Full Report
Attackers don't need AI to crack passwords, they build targeted wordlists from an organization's own public language. This article explains how tools like CeWL turn websites into high-success password guesses and why complexity rules alone fall short. [...]
Analysis Summary
# Tool/Technique: CeWL (Custom Word List Generator)
## Overview
CeWL is an open-source web crawler used by attackers to harvest unique words and terminology from an organization's public-facing websites. The extracted language is then compiled into highly targeted password wordlists, which significantly increase the success rate of credential guessing attacks compared to generic dictionaries.
## Technical Details
- Type: Tool
- Platform: General purpose (Used via command line on attacking systems, targeting web content)
- Capabilities: Web crawling, data extraction, wordlist generation, configurable crawl depth/minimum word length.
- First Seen: Not specified in context, but is included by default in common penetration testing distributions.
## MITRE ATT&CK Mapping
The primary focus of using CeWL is reconnaissance and credential access preparation.
- **TA0043 - Credential Access** (Indirectly, by preparing the lists used for Access)
- T1598 - Information Gathering
- T1598.003 - Email Addresses (If email formats are inferred)
- T1110 - Brute Force (The resulting wordlist is used against this technique)
- T1110.001 - Credential Stuffing (If harvested terms are repurposed)
- **TA0049 - Infiltration**
- T1593 - Gather Victim Identity Information
- T1593.001 - Publicly Available Information
## Functionality
### Core Capabilities
- **Web Crawling:** Scans specified websites (the target organization's public presence).
- **Word Extraction:** Collects textual content encountered during the crawl.
- **List Compilation:** Organizes extracted terms into a structured wordlist format suitable for password cracking tools.
### Advanced Features
- **Targeted Relevance:** Generates lists based specifically on the target's vocabulary (e.g., service names, internal phrasing surfaced publicly, industry-specific terms).
- **Filtering:** Allows attackers to configure crawl depth and set minimum word length thresholds to filter out low-value or noise data.
- **Predictable Transformations:** The harvested terms serve as the base for "predictable transformations" (e.g., leetspeak, appending numbers) to create final password candidates.
## Indicators of Compromise
Since CeWL is an intelligence gathering tool, direct IOCs related to the tool execution causing a breach are minimal unless network monitoring detects the *crawling activity* itself.

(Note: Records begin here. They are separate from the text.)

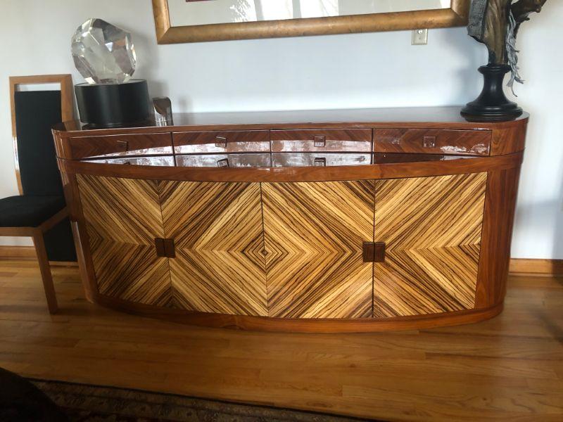 Tiger and Zebra Wood Table with Six Chairs and Matching Buffet
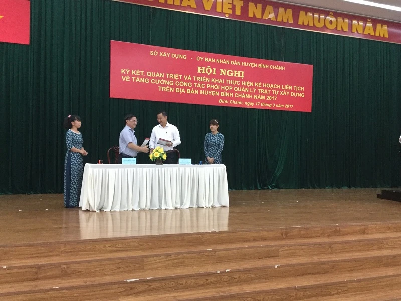 Đây là mục tiêu phấn đấu trong kế hoạch liên tịch về việc tăng cường công tác phối hợp quản lý trật tự xây dựng trên địa bàn huyện Bình Chánh. Lễ ký kết giữa Sở Xây dựng TP.HCM và UBND huyện Bình Chánh diễn ra vào chiều nay, 16-3.
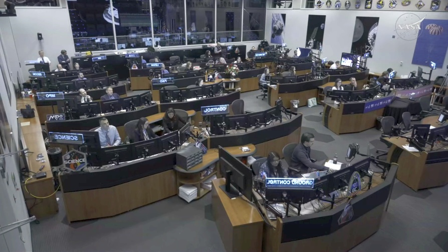 Lennonjohto odottaa yhteyden palaavan noin 40 minuutin kuluttua. Kuva Nasa
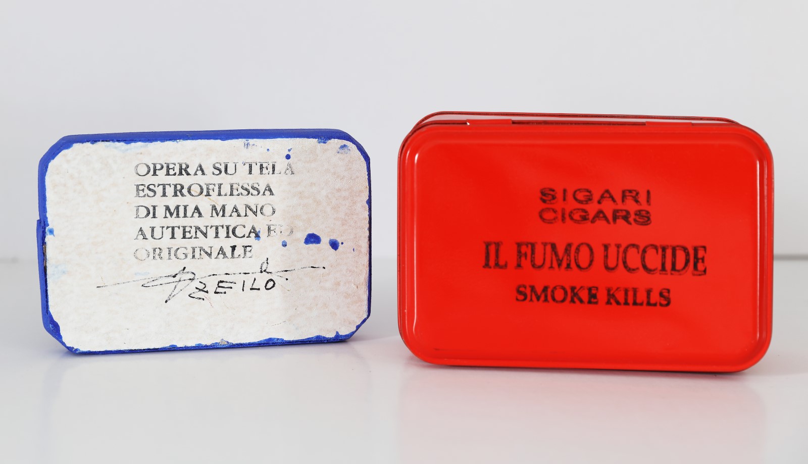 AMADIO GIUSEPPE (n. 1944) Zeilo smoke. Acrilico su tela estroflessa. Cm 14,00 x 9,00. Titolo e firma al retro. Opera conservata nella suo scatola d'artista. Certificato di autenticità a cura dell'artista.
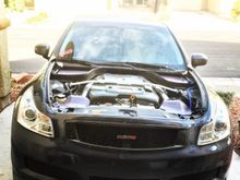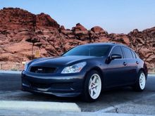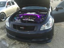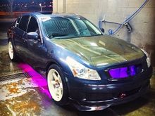 Pics of the G: ken sport lip, Stillen rear duck lip, carbon fiber grill with custom clear coat color match fade, carbon fiber hood with custom clear coat with color match fade, Stillen rear window visor, 19 x 9.5 inch varrsteons powder coated white with low profile tires,varrsteon neo chrome lug nuts, crossed drilled and slotted rotors with ceramic brake pads, custom exhaust, carbon fiber engine cover, carbon fiber gladiator shroud, Nismo oil cap, blitz radiator cap , Cusco strut bar, Stillen dual stage 2 intakes with K&N air filters,nrg steering wheel hub, nrg 10th anniversary carbon fiber quick release, vertex Japan 13 inch embroidered steering wheel with horn button,custom aluminum/rubber pedals, custom swede shift boot, added panel shifters, takata 5 point racing harness, white l.e.d bulbs all around, bride racing custom neck pads, purple led under car, engine at and under seats and dash area,Spc camber and eibach springs, gtr start buttoning, Nismo grill badge, carbon fiber rear diffuser, samco radiator hose set, dual Greddy oil catch cans, password jdm engine dress up bolts, custom painted radiator diversion panel, custom painted battery cover and brake fluid cover, carbon fiber shift knob, Infiniti logo door lights,billion Japan transmission fluid aluminum bottle, led side mirrors, project MU resivuor band, Duralflex front bumper coming soon. Read more ยป

- File Hashes: N/A (Tool dependent, not malware)
- File Names: N/A (Tool dependent)
- Registry Keys: N/A
- Network Indicators:
- High volume, rapid HTTP/HTTPS requests directed at a target organization’s web infrastructure from an external source (indicative of active crawling). (Defanged example: `suspicious_crawl_ip:port`)
- Behavioral Indicators:
- Repeated requests scraping text content rather than standard browsing patterns.
- Execution of web scraping scripts or tools like `cewl` on attacker-controlled infrastructure.
## Associated Threat Actors
The article implies this technique is widely used by attackers due to CeWL's inclusion in default penetration testing distributions (Kali Linux, Parrot OS).
- General Threat Actors leveraging low-complexity, high-relevance attack vectors.
## Detection Methods
Detection focuses on identifying the reconnaissance phase before a credential stuffing attempt occurs.
- Signature-based detection: Detection rules for the `cewl` executable signature (if found on an endpoint, indicating internal use on a corporate asset, which is highly suspicious).
- Behavioral detection: Monitoring outbound network traffic for user agents or request patterns matching known web scrapers or excessive, non-human interaction with public web servers.
- YARA rules: Not applicable for a common Linux utility, but rules could be written if a unique wrapper/script utilizing CeWL were identified.
## Mitigation Strategies
Mitigation focuses on reducing the publicly available textual data that can fuel wordlist creation, aligning with standards like NIST SP 800-63B.
- **Content Scrubbing:** Audit and restrict the publication of internal terminology, service names, project names, and non-publicly relevant technical jargon on public-facing websites.
- **Password Policy Enforcement:** Implement strong password policies that actively block terms derived from organizational context, corporate news, or common dictionary words mixed with predictable variants.
- **Web Traffic Monitoring:** Rate-limit and monitor public website access for patterns indicative of automated scraping or scanning activity.
## Related Tools/Techniques
- Generic Password Cracking Tools (e.g., Hashcat, John the Ripper) which consume the wordlists generated by CeWL.
- Other Web Crawlers/Scrapers used for initial information gathering.
- T1110.002 - Dictionary Brute Force (The ultimate technique enabled by this preparation).